If we use the same allowlist, but with the sandboxify
launcher, things do not work anymore:
$ SECCOMP_SYSCALL_ALLOW=exit_group:fstat:uname:write sandboxify ./myos
adding exit_group to the process seccomp filter
adding fstat to the process seccomp filter
adding uname to the process seccomp filter
adding write to the process seccomp filter
The reason is sandboxify
and libsandbox.so
inject seccomp rules at different stages of the process lifecycle. Consider the following very high level diagram of a process startup:
In a nutshell, every process has two runtime stages: “runtime init” and the “main logic”. The main logic is basically the code, which is located in the program main()

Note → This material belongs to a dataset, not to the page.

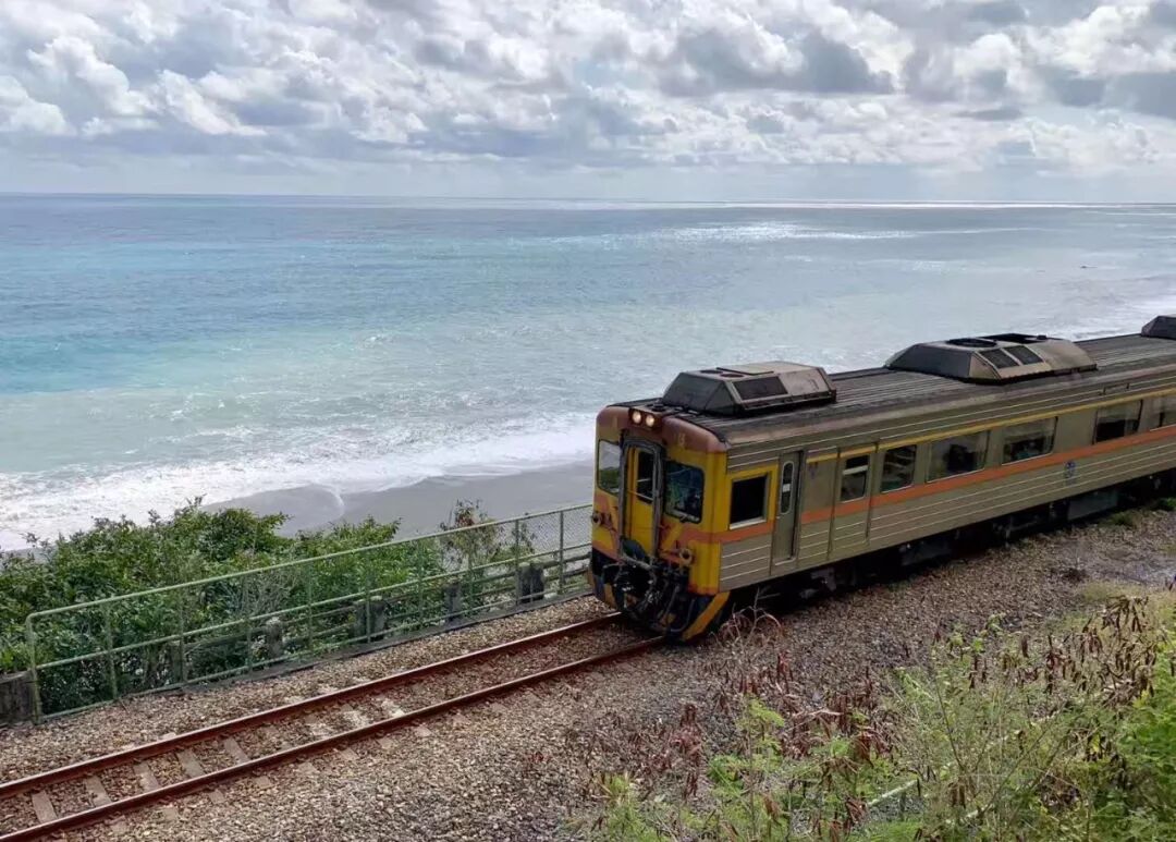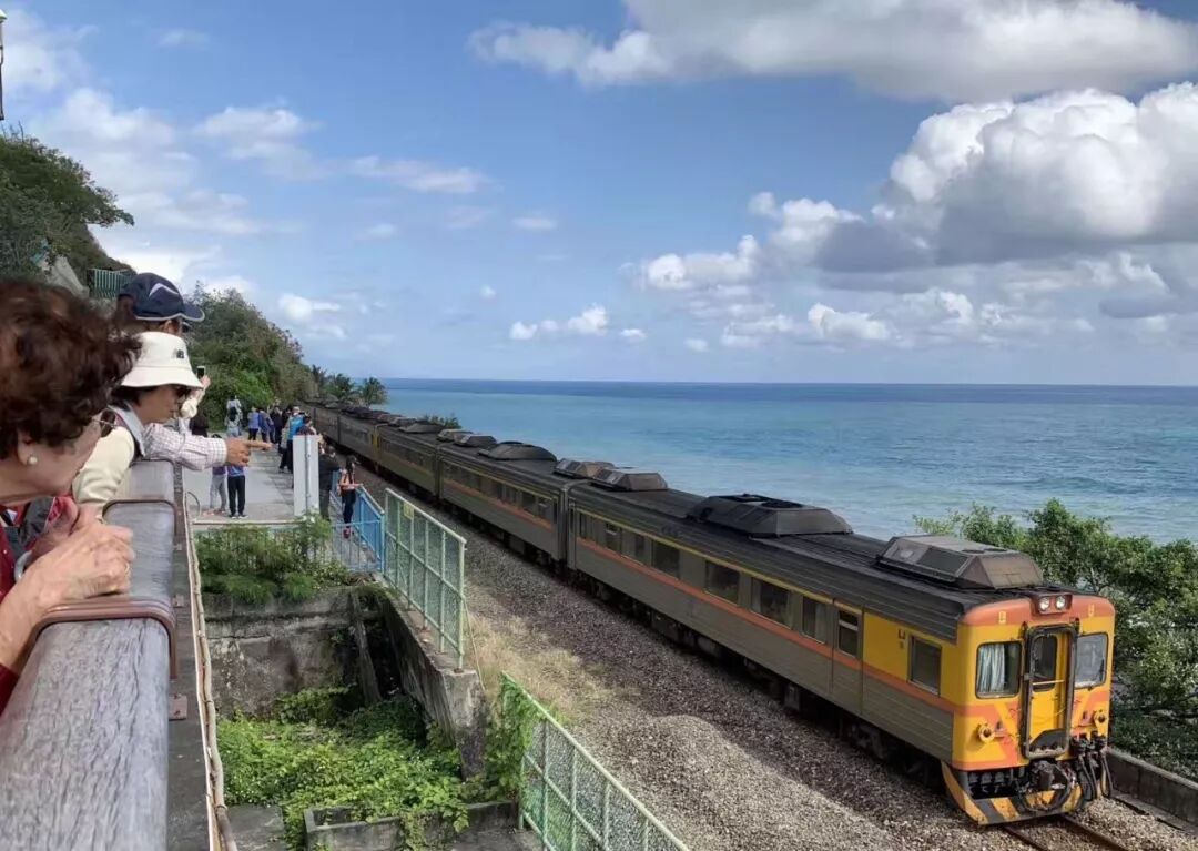 台湾最美的多良火车站。这是濒海的一个小小车站,气喘吁吁地登临半山腰的月台,可鸟瞰湛蓝的太平洋。翘首以待,不久就有一列火车鸣着长笛,呼啸而过,拍了个正着,巧极了!

function and other code put there by the application developers. But the process usually needs to do some work before the code from the main()
function is able to execute - we call this work the “runtime init” on the diagram above. Developers do not write this code directly, but most of the time this code is automatically generated by the compiler toolchain, which is used to compile the source code.
To do its job, the “runtime init” stage uses a lot of different system calls, but most of them are not needed later at the “main logic” stage. If we’re using the “allowlist” approach for our sandboxing, it does not make sense to allow these system calls for the whole duration of the program, if they are only used once on program init. This is where the difference between libsandbox.so
and sandboxify
comes from: libsandbox.so
enforces the seccomp rules usually after the “runtime init” stage has already executed, so we don’t have to allow most system calls from that stage. sandboxify
on the other hand enforces the policy before the “runtime init” stage, so we have to allow all the system calls from both stages, which usually results in a bigger allowlist, thus wider attack surface.
Going back to our toy myos
example, here is the minimal list of all the system calls we need to allow to make the application work under our sandbox:
$ SECCOMP_SYSCALL_ALLOW=access:arch_prctl:brk:close:exit_group:fstat:mmap:mprotect:munmap:openat:read:uname:write sandboxify ./myos
adding access to the process seccomp filter
adding arch_prctl to the process seccomp filter
adding brk to the process seccomp filter
adding close to the process seccomp filter
adding exit_group to the process seccomp filter
adding fstat to the process seccomp filter
adding mmap to the process seccomp filter
adding mprotect to the process seccomp filter
adding munmap to the process seccomp filter
adding openat to the process seccomp filter
adding read to the process seccomp filter
adding uname to the process seccomp filter
adding write to the process seccomp filter
My OS is Linux!
It is 13 syscalls vs 4 syscalls, if we’re using the libsandbox.so
approach!
Conclusions
In this post we discussed how to easily sandbox applications on Linux without the need to write any additional code. We introduced the Cloudflare sandbox toolkit and discussed the different approaches we take at sandboxing dynamically linked applications vs statically linked applications.
Having safer code online helps to build a Better Internet and we would be happy if you find our sandbox toolkit useful. Looking forward to the feedback, improvements and other contributions!